• [Task brief]:
Retype the records below exactly as given, but only from the first line through the line with "TOONOW Indoor Doormat", and without the pictures.

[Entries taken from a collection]
• • • • • • •
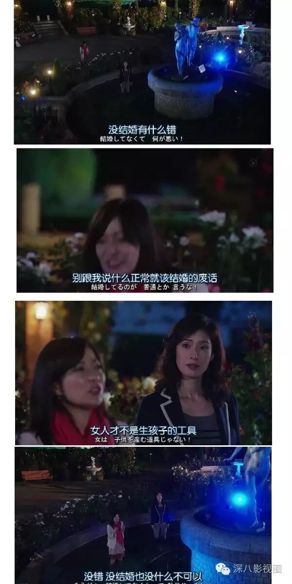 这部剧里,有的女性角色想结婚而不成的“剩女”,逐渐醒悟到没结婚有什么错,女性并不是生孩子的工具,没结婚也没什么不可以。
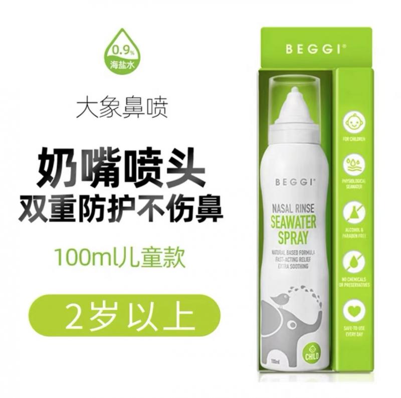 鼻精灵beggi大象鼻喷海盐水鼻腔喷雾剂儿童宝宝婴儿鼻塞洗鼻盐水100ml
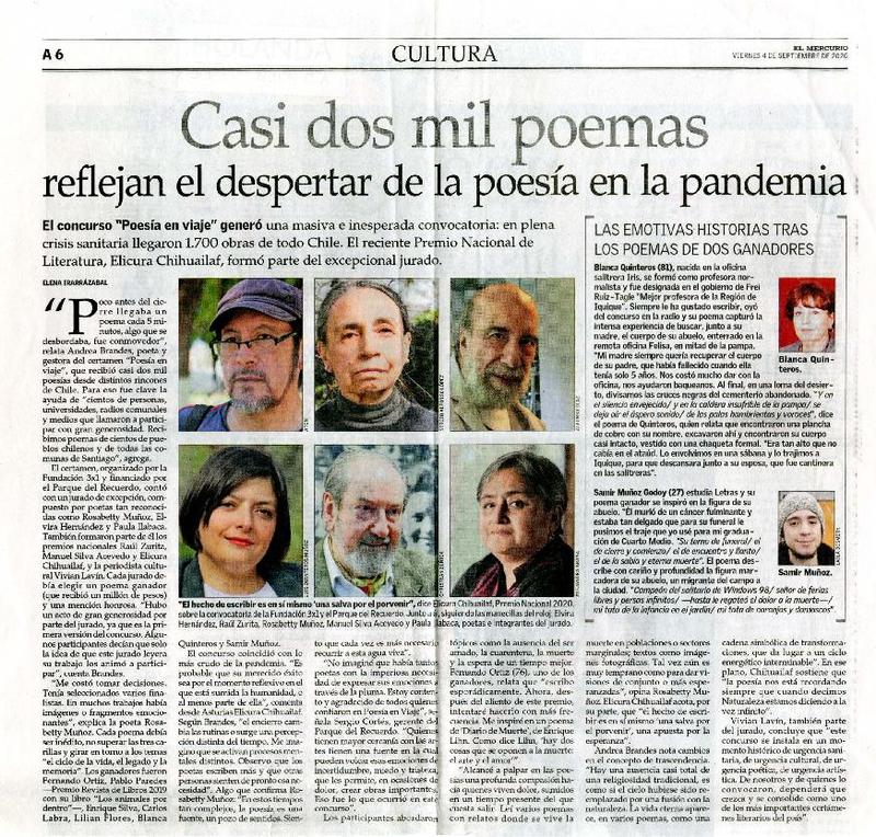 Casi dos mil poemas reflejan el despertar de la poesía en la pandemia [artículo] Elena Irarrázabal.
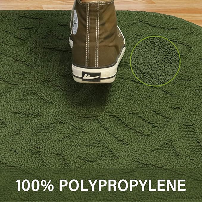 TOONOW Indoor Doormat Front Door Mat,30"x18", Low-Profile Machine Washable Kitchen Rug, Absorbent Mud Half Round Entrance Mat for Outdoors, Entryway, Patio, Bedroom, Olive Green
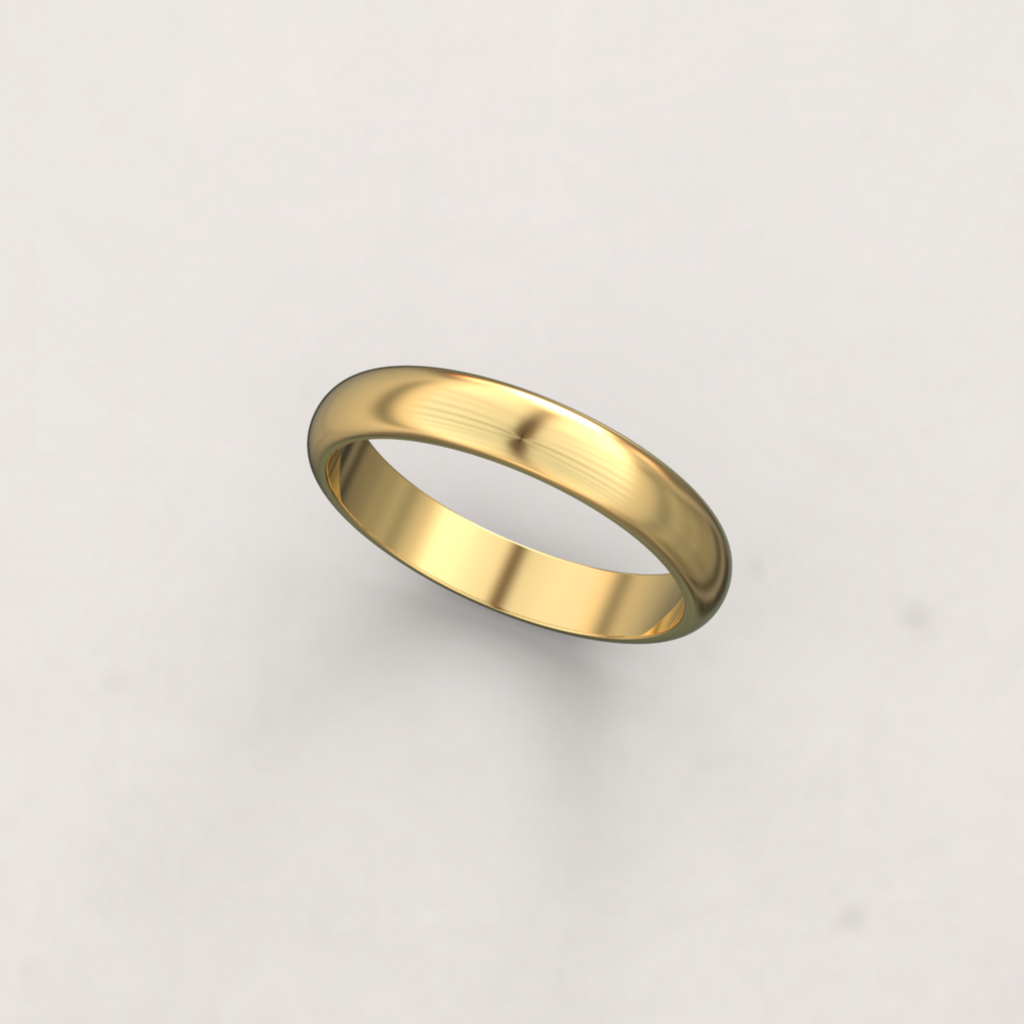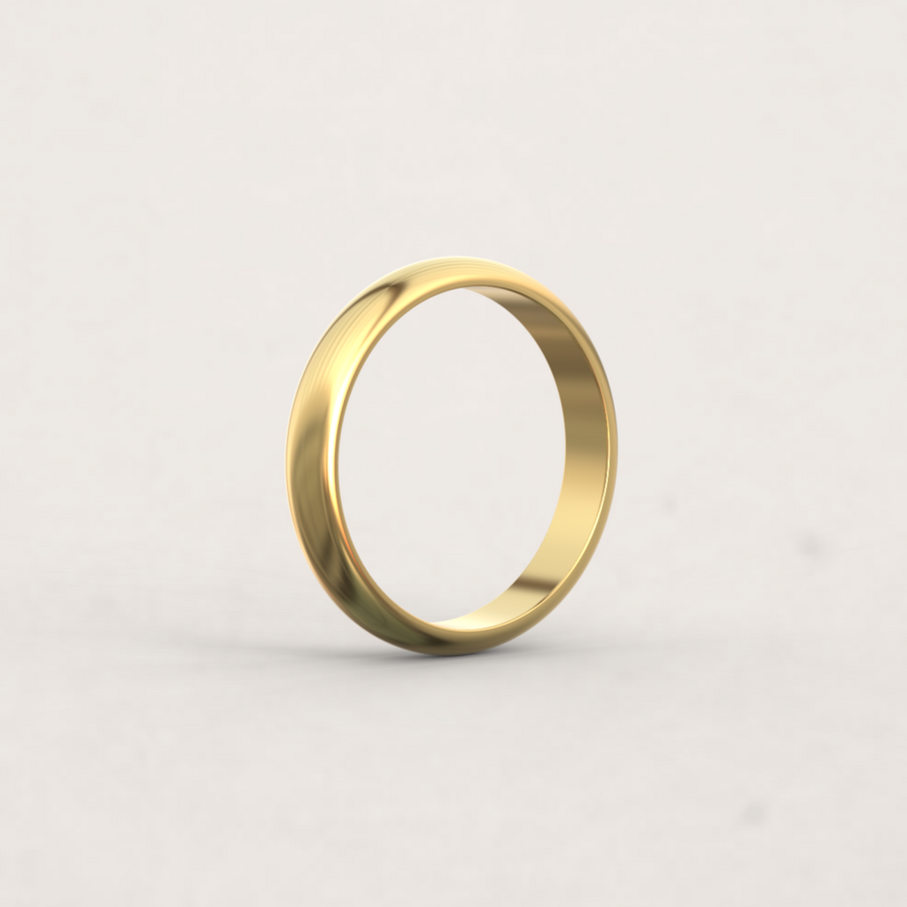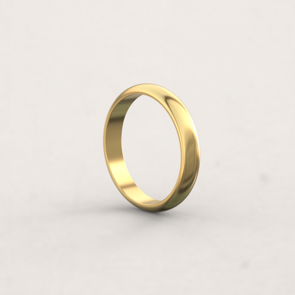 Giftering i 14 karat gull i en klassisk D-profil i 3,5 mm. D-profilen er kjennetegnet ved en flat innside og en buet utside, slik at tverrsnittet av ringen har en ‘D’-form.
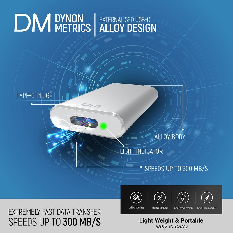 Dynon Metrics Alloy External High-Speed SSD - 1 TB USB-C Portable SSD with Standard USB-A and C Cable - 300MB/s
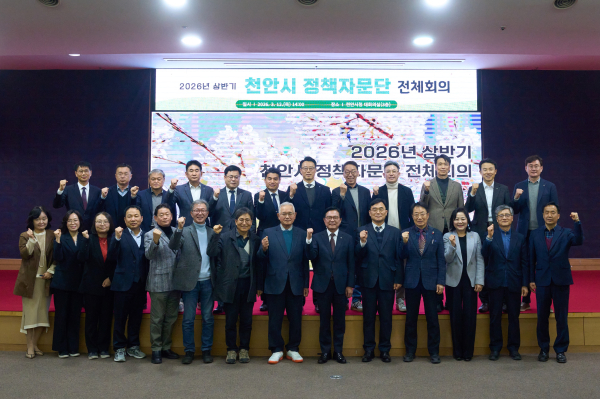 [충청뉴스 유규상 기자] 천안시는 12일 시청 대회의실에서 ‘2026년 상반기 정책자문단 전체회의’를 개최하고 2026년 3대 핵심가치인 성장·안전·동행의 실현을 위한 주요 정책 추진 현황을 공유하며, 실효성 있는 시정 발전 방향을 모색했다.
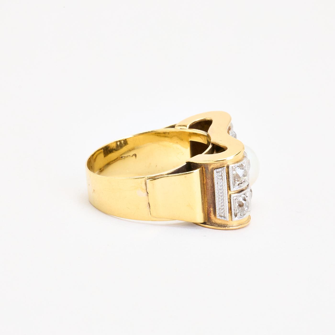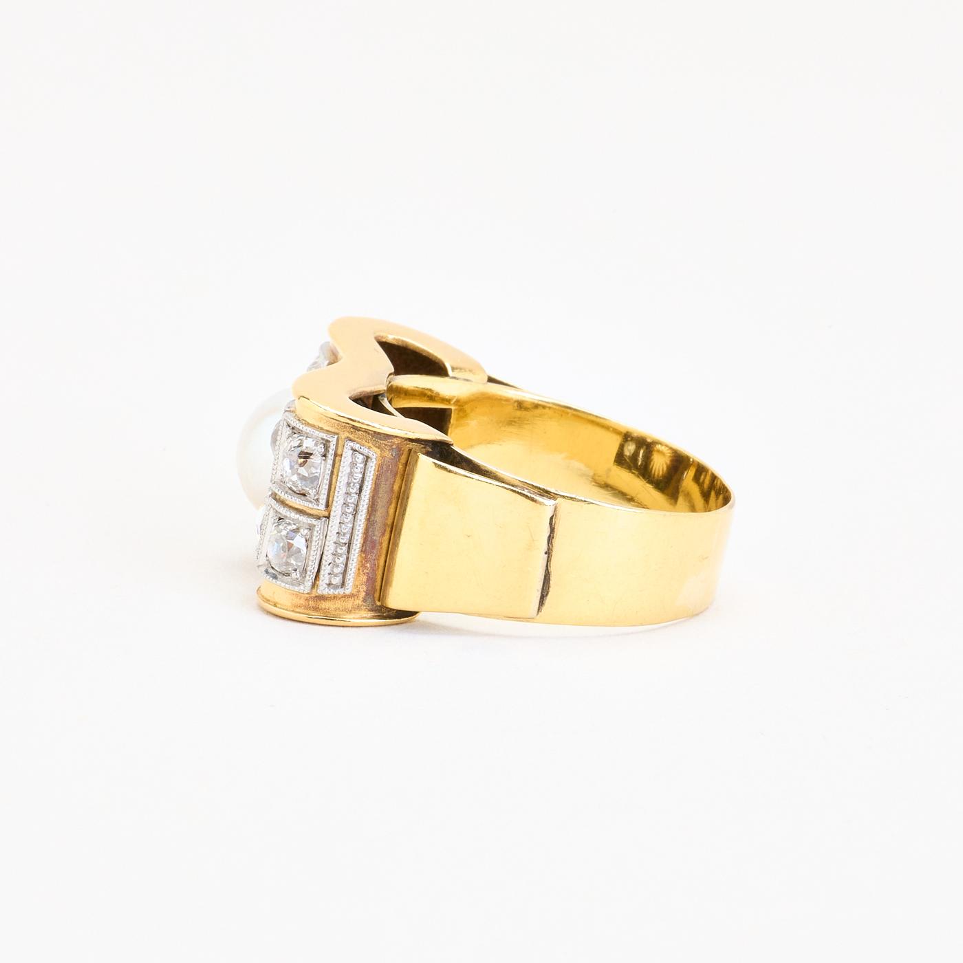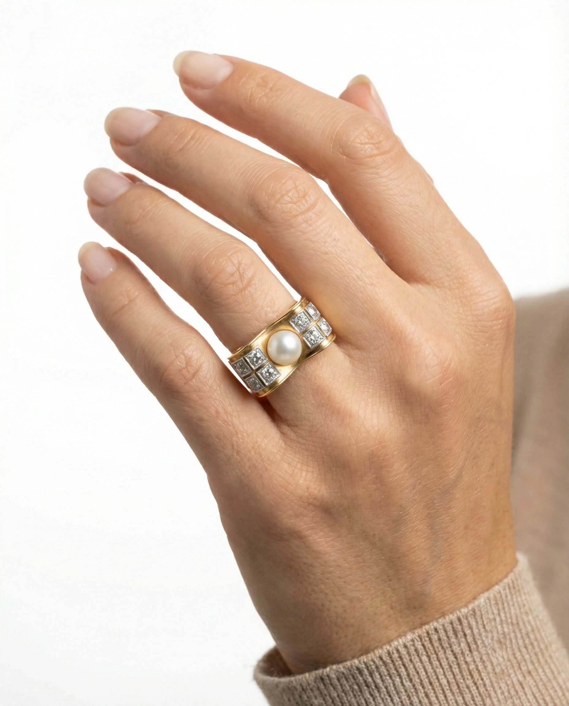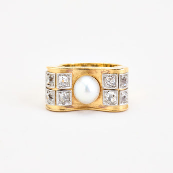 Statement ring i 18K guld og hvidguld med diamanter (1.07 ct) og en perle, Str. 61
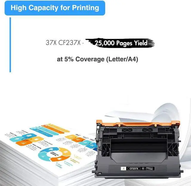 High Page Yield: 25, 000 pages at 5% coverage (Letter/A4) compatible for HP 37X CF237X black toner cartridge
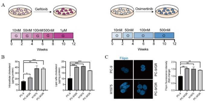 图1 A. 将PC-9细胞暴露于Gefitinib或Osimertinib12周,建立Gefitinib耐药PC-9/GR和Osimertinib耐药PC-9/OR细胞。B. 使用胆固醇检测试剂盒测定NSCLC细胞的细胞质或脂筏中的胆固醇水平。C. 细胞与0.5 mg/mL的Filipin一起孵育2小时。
• • • • • • •
• [Exercise result]:
 这部剧里,有的女性角色想结婚而不成的“剩女”,逐渐醒悟到没结婚有什么错,女性并不是生孩子的工具,没结婚也没什么不可以。
 鼻精灵beggi大象鼻喷海盐水鼻腔喷雾剂儿童宝宝婴儿鼻塞洗鼻盐水100ml
 Casi dos mil poemas reflejan el despertar de la poesía en la pandemia [artículo] Elena Irarrázabal.
 TOONOW Indoor Doormat Front Door Mat,30"x18", Low-Profile Machine Washable Kitchen Rug, Absorbent Mud Half Round Entrance Mat for Outdoors, Entryway, Patio, Bedroom, Olive Green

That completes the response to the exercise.